Lysine Carbamylation Research Articles

Dissociation of enzymatic activity from lethality and pharmacological properties by carbamylation of lysines in Naja nigricollis and Naja naja atra snake venom phospholipases A 2

Carbamylation of 9 out of 10 lysine residues in the toxic phospholipase A 2 from N. nigricollis venom decreased its lethality at least 8-fold and abolished its direct hemolytic and anticoagulant activities, while the enzymatic activity, as measured on purified substrates, decreased only about 50%. Likewise, carbamylation of 3 out of 5 lysines in the relatively less toxic N. naja atra phospholipase induced detoxification and caused a loss of its blocking activity on the phrenic nerve-diaphragm preparation, while its enzymatic activity on purified substrates was unaltered. Results obtained when 7.4 out of 10 lysines in N. nigricollis phospholipase were carbamylated indicate that basicity is not an absolute requirement for high lethal potency, hemolytic activity or cardiotoxicity. The extent of phospholipid hydrolysis induced in erythrocytes, rabbit plasma, phrenic nerve-diaphragm preparation, brain minces and brain synaptic plasma membranes by incubation with the carbamylated enzymes was in agreement with their enzymatic activities as measured on purified substrates. Levels of phospholipid hydrolysis in heart, lung and kidney of mice given phospholipase intravenously, and in brain synaptic plasma membranes from rats given phospholipase intraventricularly, showed that carbamylated derivatives of N. nigricollis phospholipase A 2 lost their ability to reach and/or hydrolyze substrates in vivo. However, the decrease in in vivo phospholipid hydrolysis did not correlate with the decrease in toxicity since, at comparably low levels of phospholipid hydrolysis, some phospholipases were lethal and others were not. Moreover, when intraventricularly administered, both lethal amounts of the native N. naja atra enzyme and its nonlethal carbamylated derivatives produced equally low hydrolysis of synaptic membrane phospholipids. By means of lysine carbamylation, a dissociation between hydrolytic activity and pharmacological properties of phospholipases A 2 has been achieved. We suggest, therefore, that the toxicity of pure phospholipases is primarily due to a direct effect which does not correlate with levels of phospholipid hydrolysis and that this direct effect is prominent in the relatively toxic phospholipases while it is less manifest in the relatively non-toxic enzymes.

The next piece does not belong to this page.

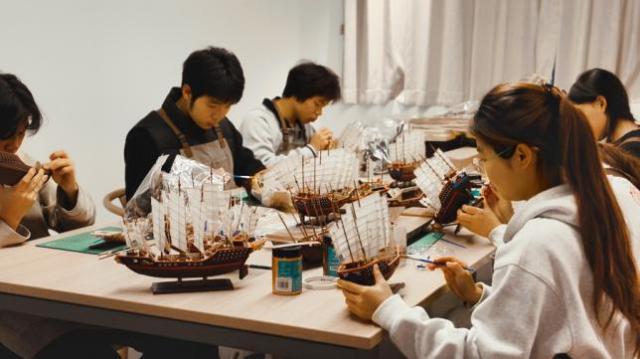 实践队回归教育本位,完成从科普服务到实体文创的实践转化。在学校海洋文化综合科普教育基地与船模大师工作室,实践队背靠学校船模创新班,与省级工艺美术大师合作,将研学探索所得转化为数字化图纸,通过工作室的机器加工,共同开发制作出船模、飞艇、书签、拼图、绳结等海洋主题文创产品与科普教具,实现从研学探访到实体产品的完整闭环。

Isolation and Amino Acid Composition of Para-Kappa-Casein

One major and two minor para-κ-casein components were isolated after rennin treatment from each of two genetic variants of κ-casein (A and B) by carboxy-methyl cellulose chromatography. Homocitrullin was present only in the minor components, while the major component was richer in lysine. The minor components were not present in para-κ-casein preparations not treated with urea. These findings indicate that the minor para-κ-casein components are produced by carbamylation of lysine with the cyanate formed in the urea solution. The homocitrullin-free para-κ-caseins A and B were identical as judged by polyacrylamide gel electrophoresis and amino acid analysis. Each contained 108 amino acid residues (molecular weight of about 13,000), and no phosphorus or sialic acid.